**EXERCISE PROMPT:** Only the lines from the line with "Kunstfiner og stål. B56 x H69 x D40 cm" through the end of the records belong in your reply, copied exactly, with every picture left out.

**EXTRACTED INFORMATION:**
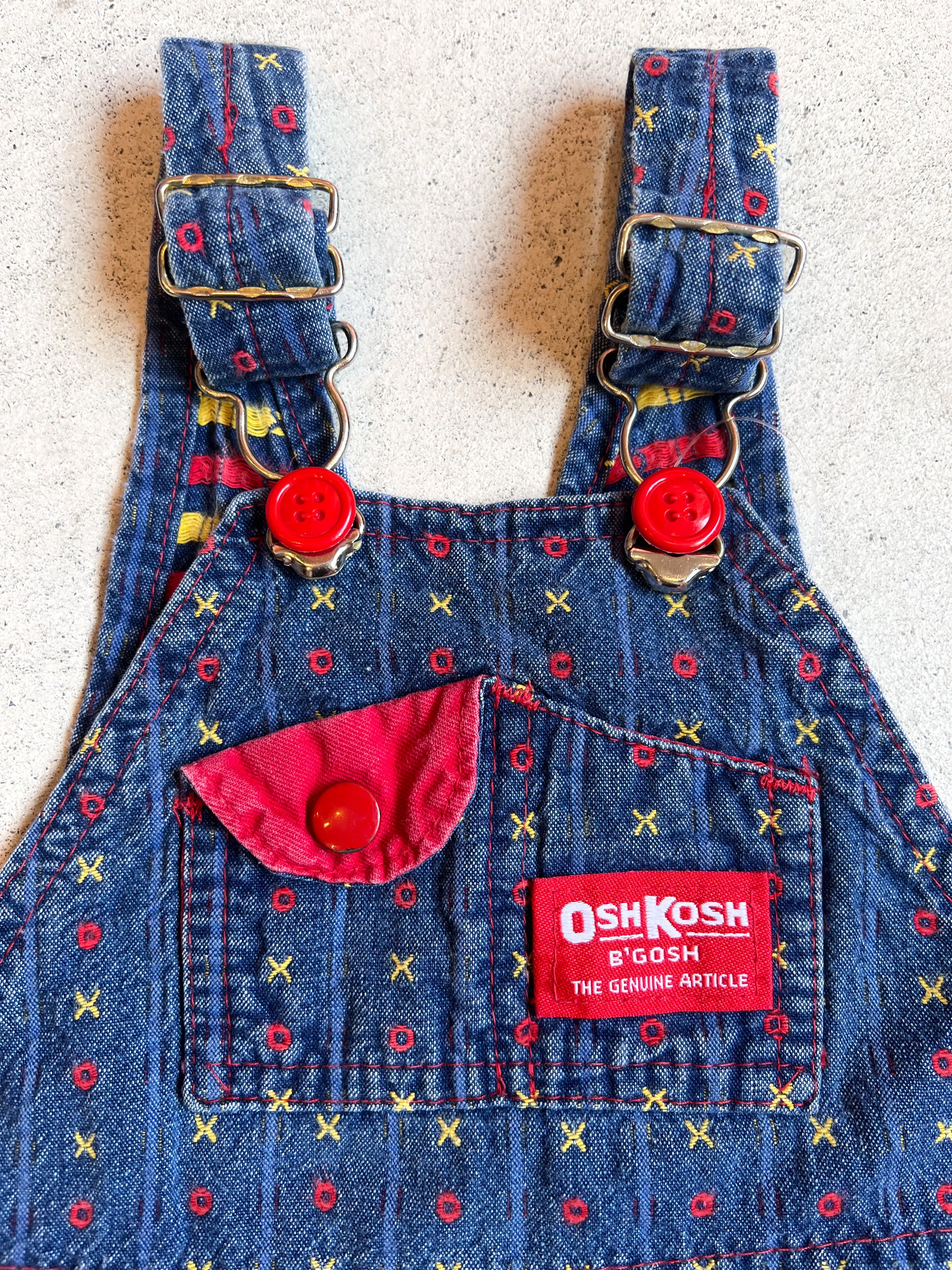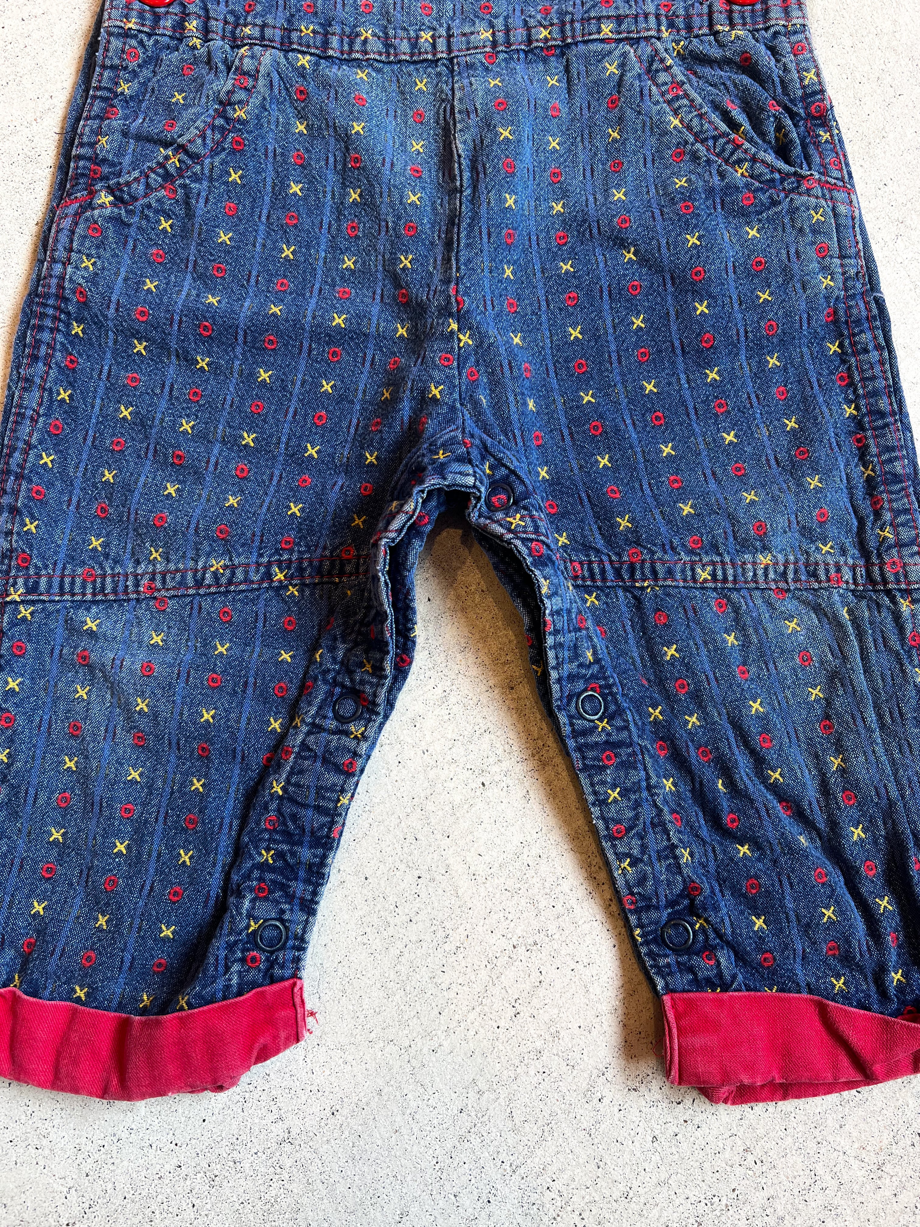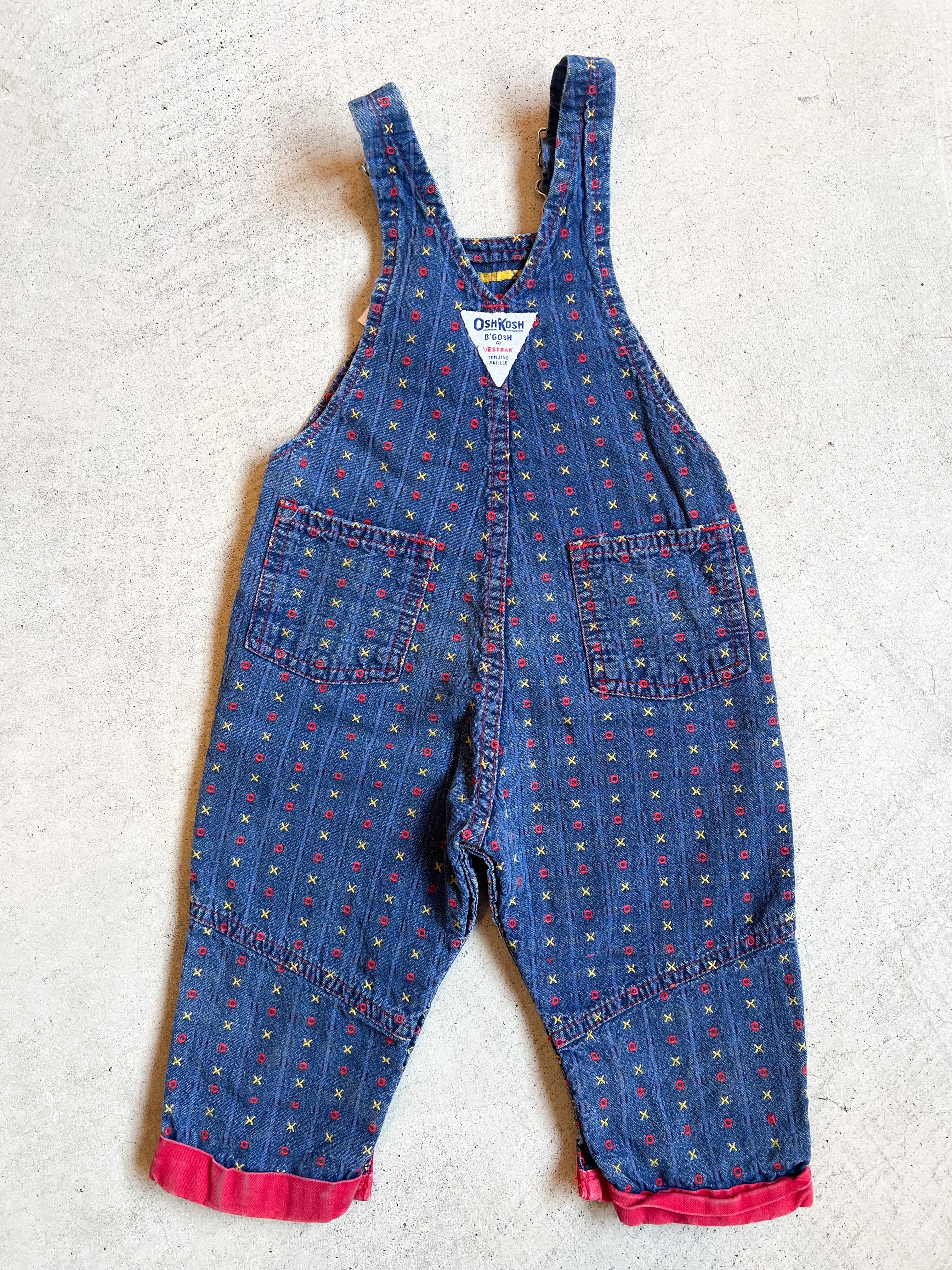 【90cm】VINTAGE 80's オシュコシュ デニム○×柄 オーバーオール【10012】
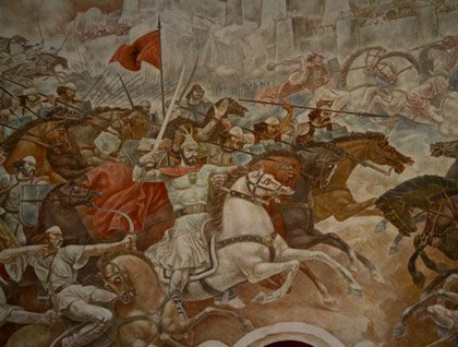 George Kastrioti is Albania's national hero, and he is better known by the name of Skanderbeg. The Skanderbeg Museum was beautifully built about twenty years ago, on the same location as a castle. With our local experts guiding us, we learned about Scanderbeg repelling the Ottomans from this area, and we could admire some of the original artifacts and some modern-day frescoes that depicted the battles in a marvelous way.
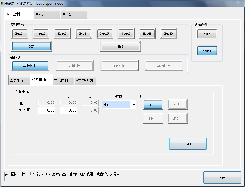 第 2 部 功能详解篇 第 7 章 机器设置 7- 58 选择 [ Head 控制 ] – [ 任意坐标 ] 选项卡, 会显示以下画面 。 按下 [ 执行 ] 按钮,以控 制单元基准及 指定速度 将轴移动到 [ 任意坐标 ] 的移动坐标 上。
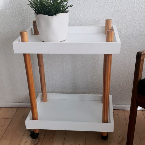 Kunstfiner og stål. B56 x H69 x D40 cm
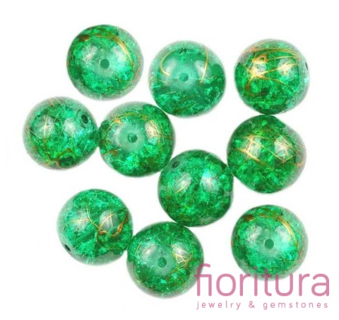 KORALIKI SZKLANE CRACLE KULA 18MM KOLOR AMAZON ZE ZŁOTĄ NITKĄ

**REPLY:**
 Kunstfiner og stål. B56 x H69 x D40 cm
 KORALIKI SZKLANE CRACLE KULA 18MM KOLOR AMAZON ZE ZŁOTĄ NITKĄ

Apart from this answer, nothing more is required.